→ EXERCISE: Pictures excluded, output the lines of the data below between the one holding "ROBIN HILL CABLE CAR 罗宾山缆车" and the one holding "Wetlands Clear-Mount Stamp Set - 126697", inclusive, exactly as they stand.

━━━━━━━━━━

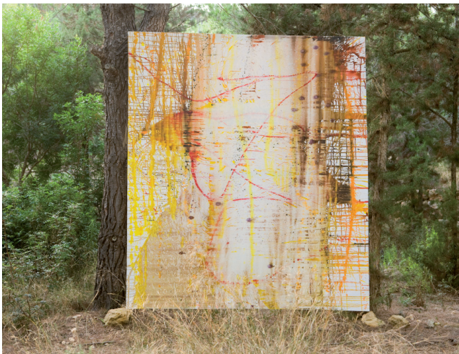
Between colour and sound 230 x 200 cm, ink on canvas, 2008

Not only has Löhr challenged the material imagination in philosophical terms, but like many before him, he has challenged his own trade through the elimination of many of its tools and material conditions – the infinite forgiveness of oil and acrylic have been replaced by the unforgiving immediacy of water color, and the durability and transmutability of canvas by the profound non-mutability of paper. If, we were to assimilate Löhr to an art history category, we would call him an actionist, but the comparison would be only minimally productive in those terms. The conditional is used here instructively to set him apart from a naïve modernity reliant as it is on naïve realism, and relate him more to Turner, in terms of an empiricist abstraction of the medium, but more to Goya in terms of the
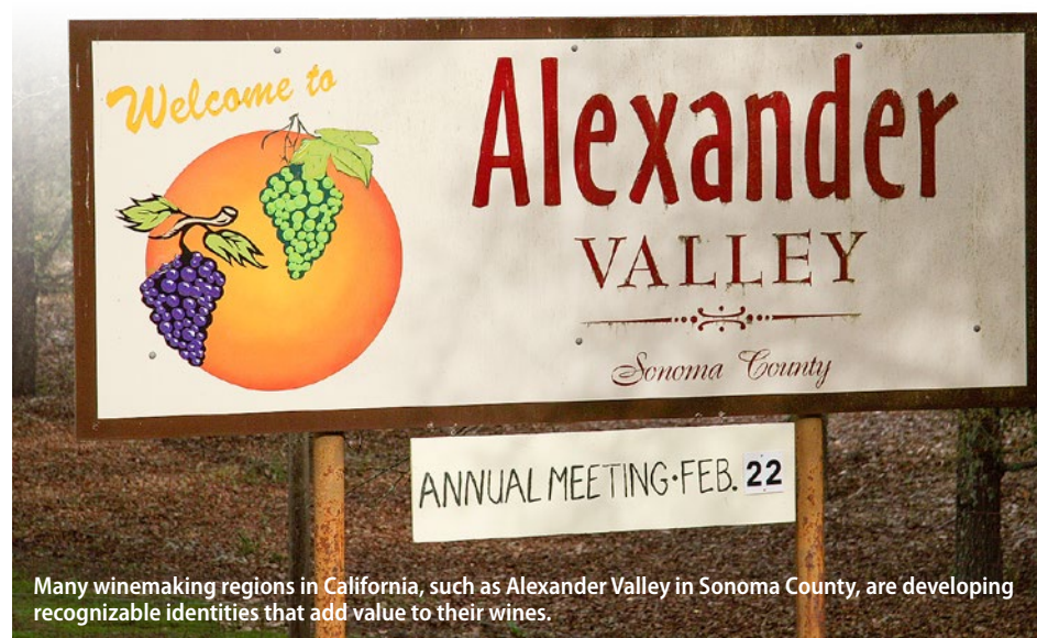
Many winemaking regions in California, such as Alexander Valley in Sonoma County, are developing recognizable identities that add value to their wines.

Winemaking in the Paso Robles region dates back to 1797, when Franciscan missionaries planted the Mission grape, but its long history of winemaking wasn't sufficient to earn it a regional identity for quality wines. Not until the 1970s did a group of winemakers and grape growers in Paso Robles begin the process of creating the identity for which it is known today. Growers in the Paso Robles area were selling their grapes into other regions for blending into top-tier wines and were confident the region could produce its own high-quality wines — and
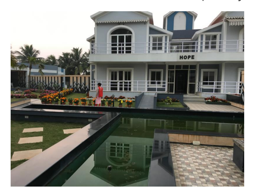
Figure 8: Aumorto's smallest apartment building, optimistically named Hope.
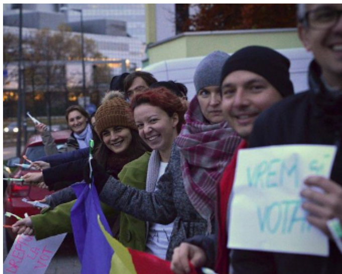
Romanian voters in Munich, Credit: Madalina Rosca (CC-BY-SA-3.0)

Ponta's campaign served to reinforce the view that it was the same old PSD, with a populist spin openly advocating the 'second great unification' of Romania and Moldova by 2018. This is nothing new: Băsescu and his predecessors have all invoked the nationalist reunification card to inspire votes, both at home and among Romanian citizens in Moldova (of whom 36,000 voted in the second round, twice that of 2009). However, it had never been articulated by these politicians with a specific timetable, nor did they make it a central plank of their discourse.
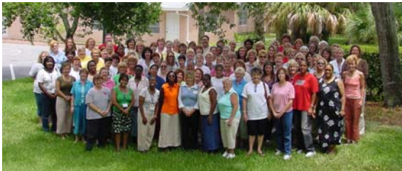
School Health Team
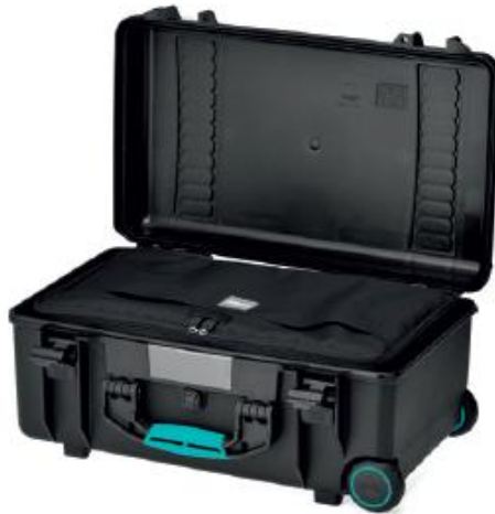
5 INTERIOR BAG | BAG
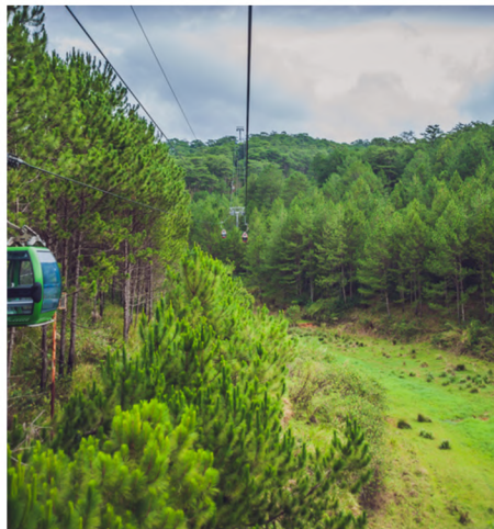
ROBIN HILL CABLE CAR 罗宾山缆车
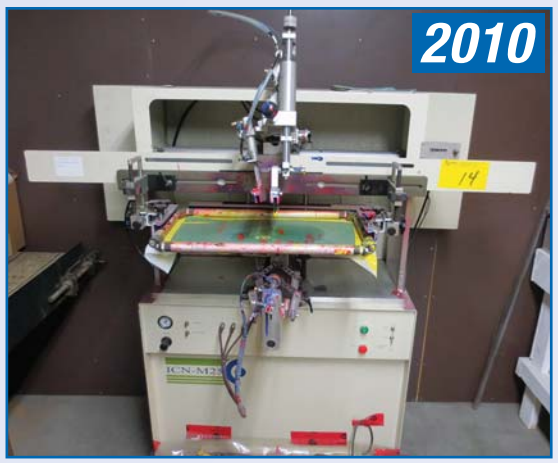
2010 ICN M25 semi-automatic screen printer with ADVANTAGE TIPS-30A-52HF skid mount 30 ton microprocessor control, one or two direction print for flats, cylinders, ovals and cones with 36" x 16" screen size, 25" stroke, 1800 impressions per hour, 110 volt s/n S0411W27
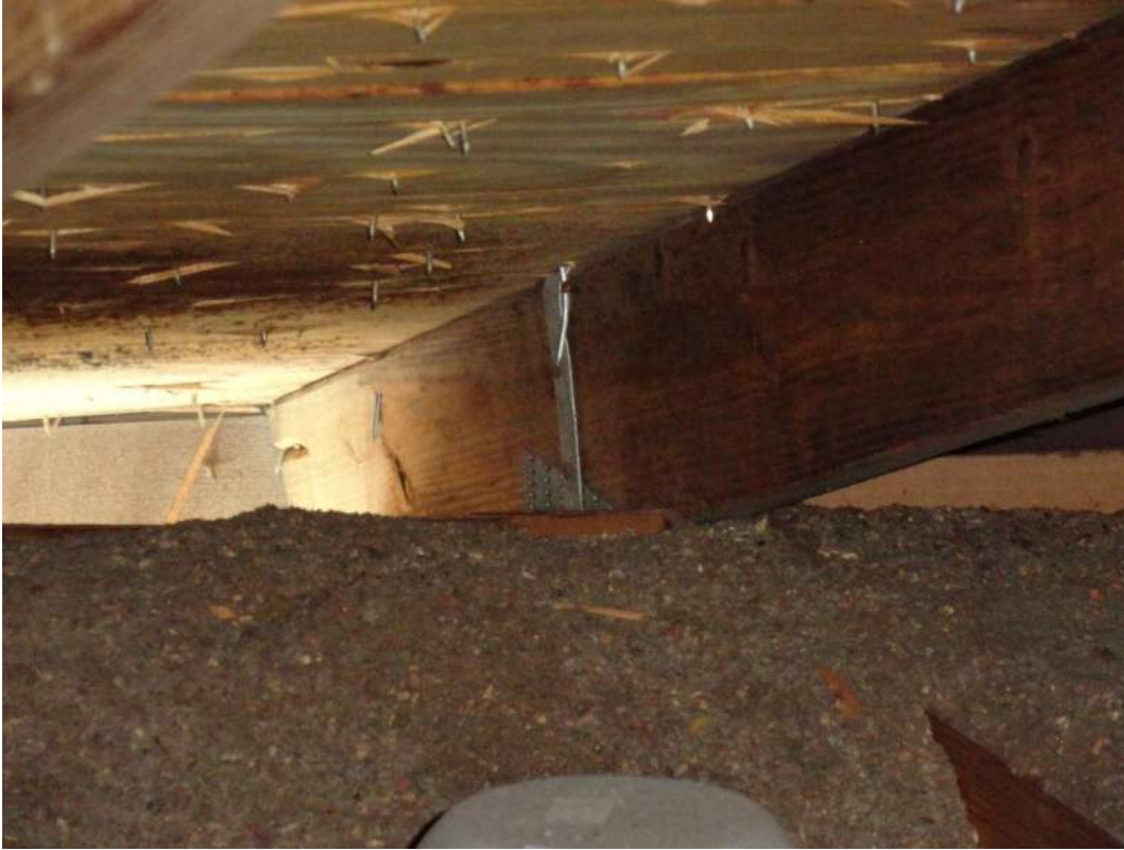
4. Roof to Wall Attachment – Single Wraps – Steel Straps w/ 2 Nails Min. at Face
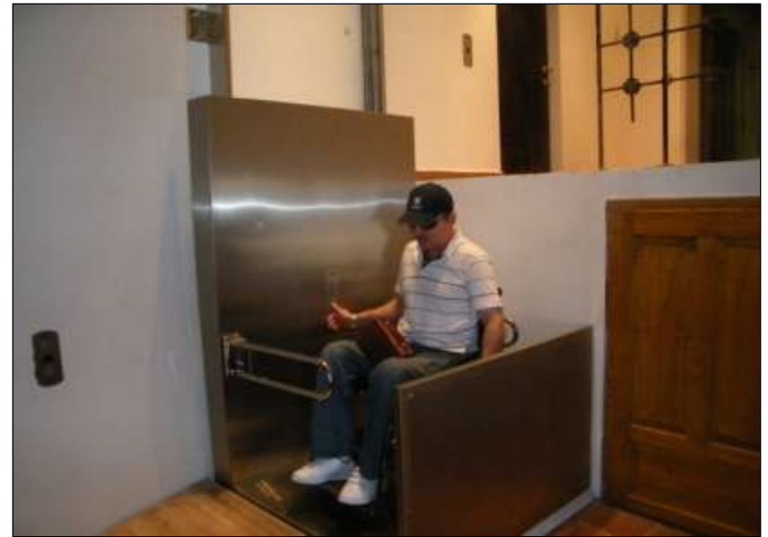
Lifts for people with disabilities at Southern Fortress Wall and Tower Architectural and Historic Complex and the Municipal Ethnographic Museum
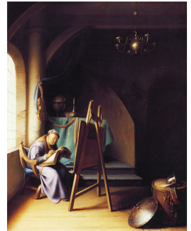
Fig 4. Gerrit Dou, Man Writing by an Easel , ca. 1631–32, oil on panel, 31.5 x 25 inches, private collection

oil on panel, 59 x 43.5 inches, private collection, United Kingdom
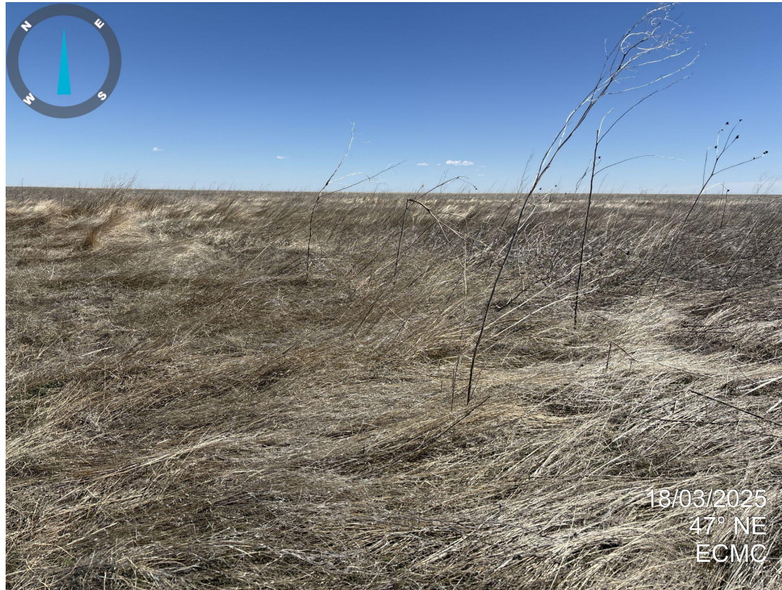
Photo 7. Reference vegetation to the north of well location.
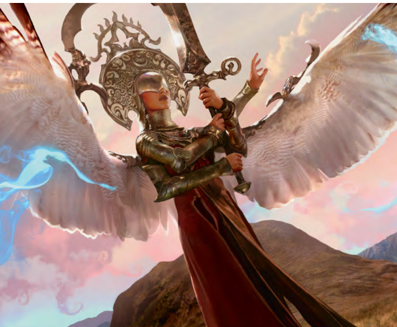
Exquisite Archangel — Brad Rigney
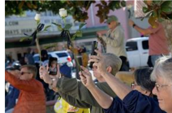
San Luis Obispo, CA
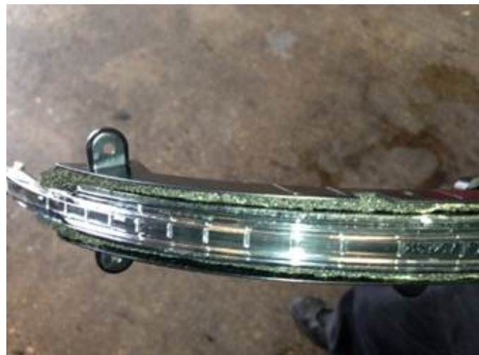
Figure 8. Turn signal lamp with sealing foam tape installed.
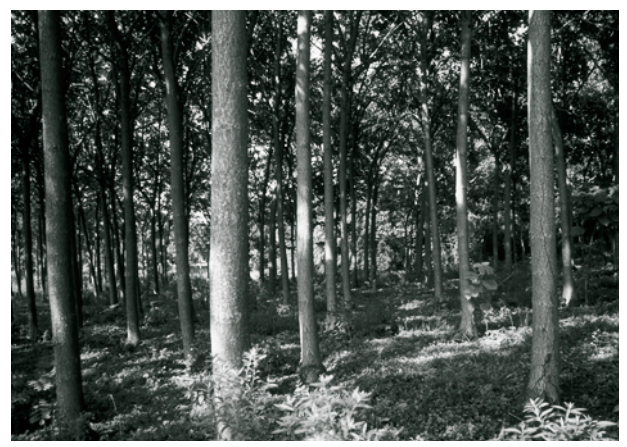
Paulownia plantations are suited for some marginal farmlands, if the soil is well-drained.

Thinning to control plantation density is not currently a common practice, because most existing plantations are too young to warrant this practice. Only older stands produce marketable lumber from thinnings. Since you will normally remove the poorest-quality trees, returns from thinning will be low.
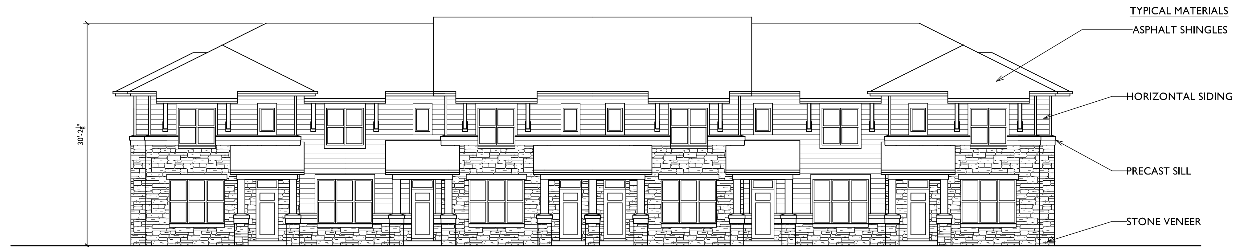
1 EAST ELEVATION - BUILDING 8 SCALE: 1/8"=1'-0"
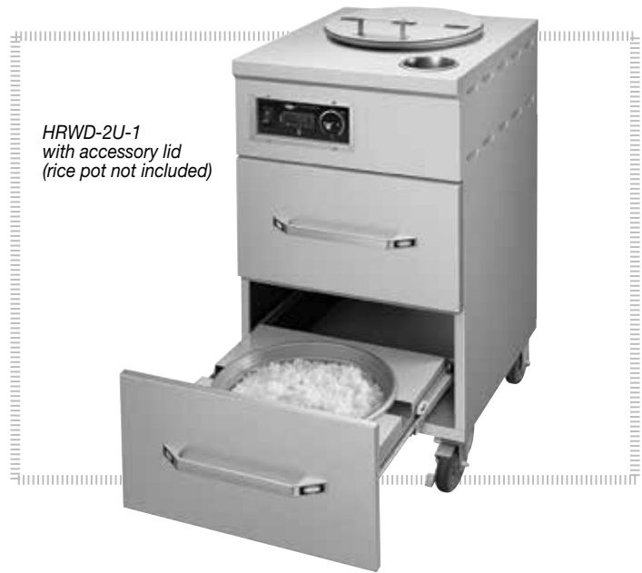
HRDW-2U-1 with accessory lid (rice pot not included)
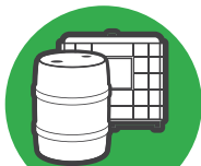
Totes & drums
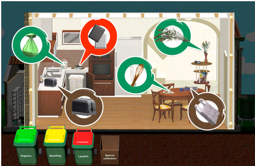
In the kitchen there are six items: a compostable bag, some foam trays, a toaster, a meaty bone, a bunch of flowers and a plastic bag.
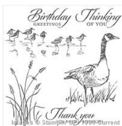
Wetlands Clear-Mount Stamp Set - 126697
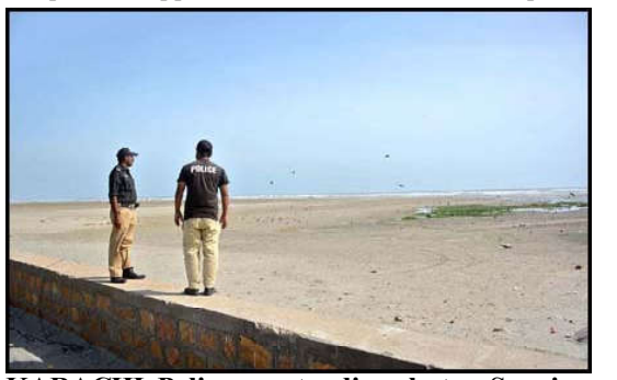
KARACHI: Policemen standing alert on Sea view beach as Cyclone Biparjoy over east central Arabian Sea had further intensified into an "extremely severe cyclonic storm (ESCS)".

According to the notification, secretary Forest South Punjab will monitor cotton crop in Multan district and secretary Housing in Khanewal while secretary School Education has been assigned district Vehari and secretary Irrigation has been allotted Lodhran district. Moreover, secretary Specialized Health care will monitor cotton crop in district Bahawalpur.

━━━━━━━━━━

→ TASK RESPONSE:
ROBIN HILL CABLE CAR 罗宾山缆车
2010 ICN M25 semi-automatic screen printer with ADVANTAGE TIPS-30A-52HF skid mount 30 ton microprocessor control, one or two direction print for flats, cylinders, ovals and cones with 36" x 16" screen size, 25" stroke, 1800 impressions per hour, 110 volt s/n S0411W27
4. Roof to Wall Attachment – Single Wraps – Steel Straps w/ 2 Nails Min. at Face
Lifts for people with disabilities at Southern Fortress Wall and Tower Architectural and Historic Complex and the Municipal Ethnographic Museum
Fig 4. Gerrit Dou, Man Writing by an Easel , ca. 1631–32, oil on panel, 31.5 x 25 inches, private collection

oil on panel, 59 x 43.5 inches, private collection, United Kingdom
Photo 7. Reference vegetation to the north of well location.
Exquisite Archangel — Brad Rigney
San Luis Obispo, CA
Figure 8. Turn signal lamp with sealing foam tape installed.
Paulownia plantations are suited for some marginal farmlands, if the soil is well-drained.

Thinning to control plantation density is not currently a common practice, because most existing plantations are too young to warrant this practice. Only older stands produce marketable lumber from thinnings. Since you will normally remove the poorest-quality trees, returns from thinning will be low.
1 EAST ELEVATION - BUILDING 8 SCALE: 1/8"=1'-0"
HRDW-2U-1 with accessory lid (rice pot not included)
Totes & drums
In the kitchen there are six items: a compostable bag, some foam trays, a toaster, a meaty bone, a bunch of flowers and a plastic bag.
Wetlands Clear-Mount Stamp Set - 126697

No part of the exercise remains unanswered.